EXERCISE PROMPT:
Transcribe all of the data verbatim, please, and leave out its pictures.

PROVIDED MATERIAL:
+===+
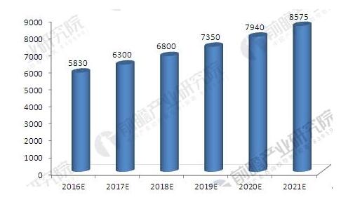 2016-2021年中國工業(yè)固體廢物市場容量預測(單位:億元)
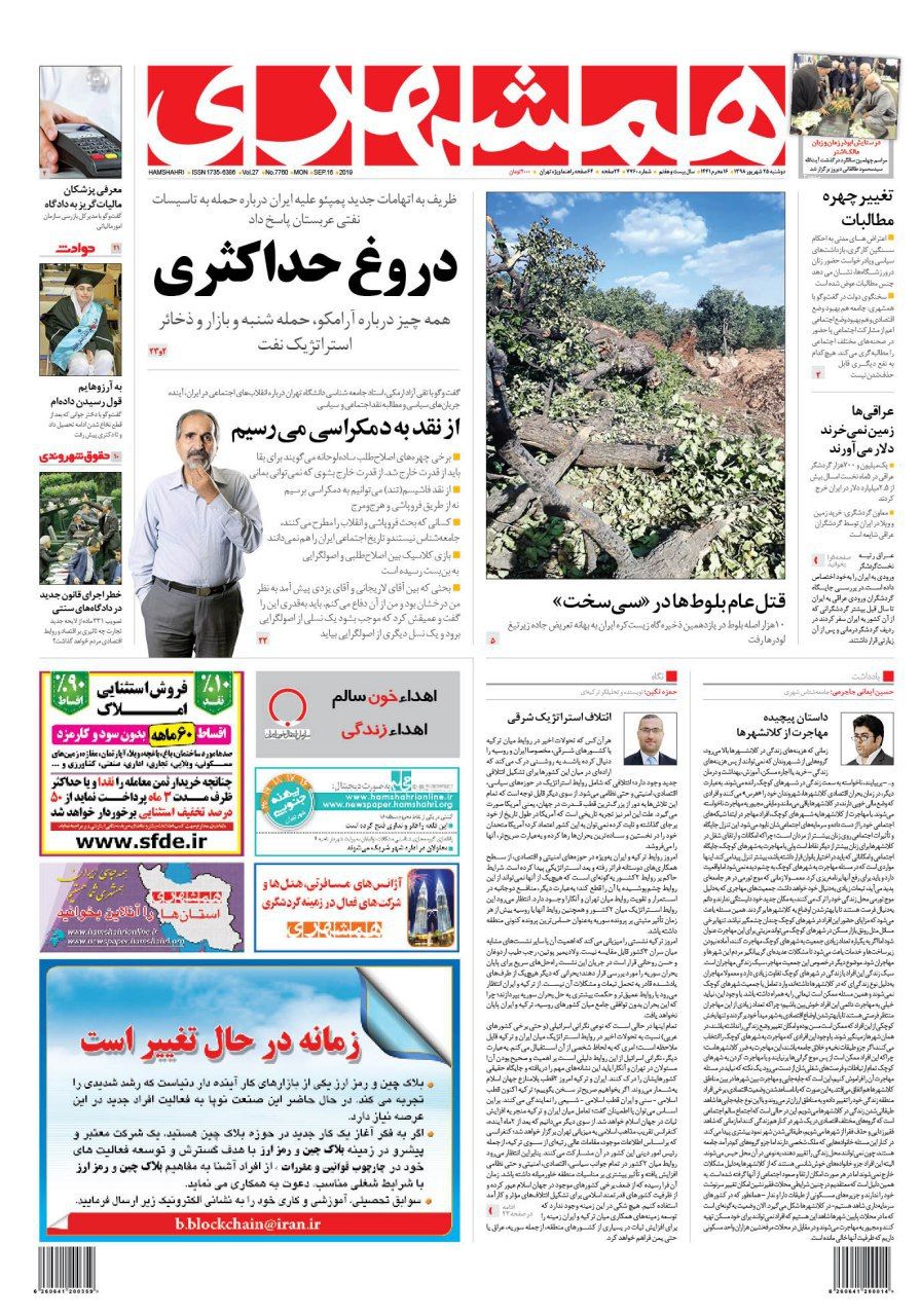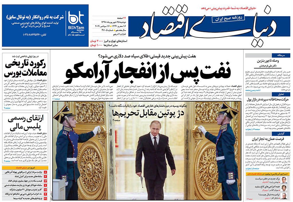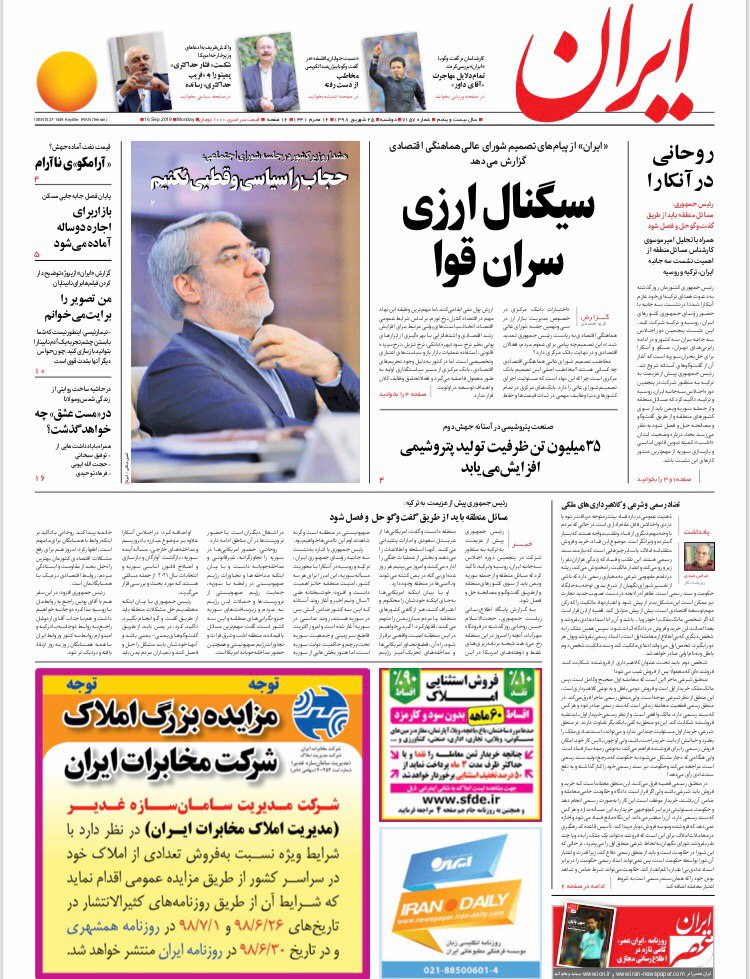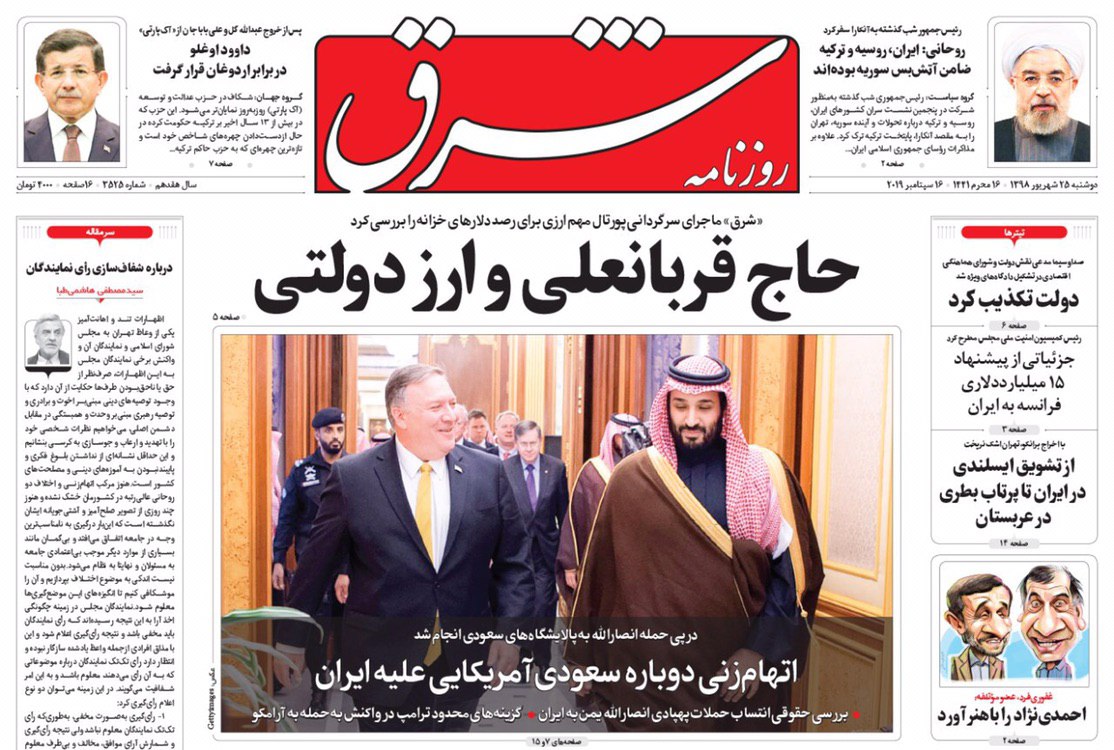 روزنامه‌های امروز موضوعات مختلفی را در صفحه یک خود برجسته کردند. از اختلاف روحانی و رئیسی بر سر دادگاه‌های مبارزه با مفاسد اقتصادی تا دروغ آمریکا درباره نقش ایران در حمله به عربستان.
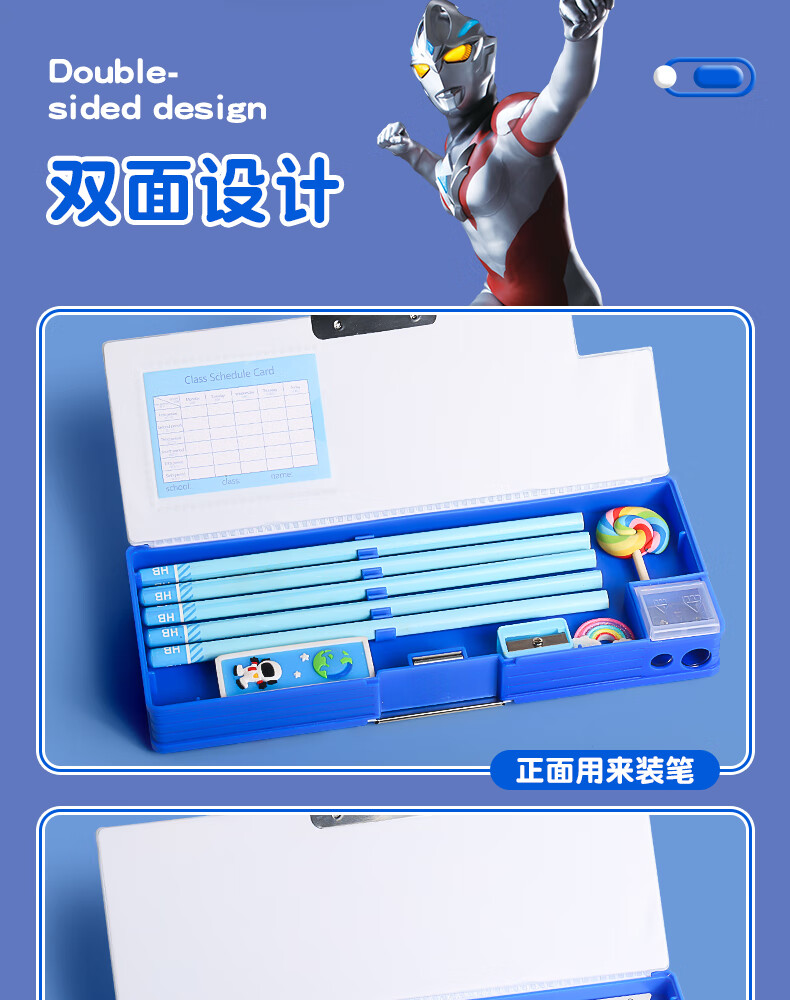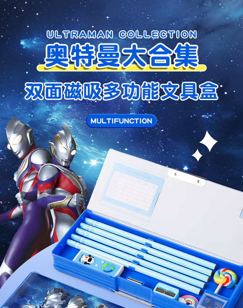 语季奥特曼文具盒简约款男孩铅笔盒小学一年级男生铅笔袋大容量双面磁扣款儿童多功能笔盒文具套装礼品 奥特曼合集文具盒【单笔盒赠课程表】
+===+
RESPONSE BOX:
 2016-2021年中國工業(yè)固體廢物市場容量預測(單位:億元)
 روزنامه‌های امروز موضوعات مختلفی را در صفحه یک خود برجسته کردند. از اختلاف روحانی و رئیسی بر سر دادگاه‌های مبارزه با مفاسد اقتصادی تا دروغ آمریکا درباره نقش ایران در حمله به عربستان.
 语季奥特曼文具盒简约款男孩铅笔盒小学一年级男生铅笔袋大容量双面磁扣款儿童多功能笔盒文具套装礼品 奥特曼合集文具盒【单笔盒赠课程表】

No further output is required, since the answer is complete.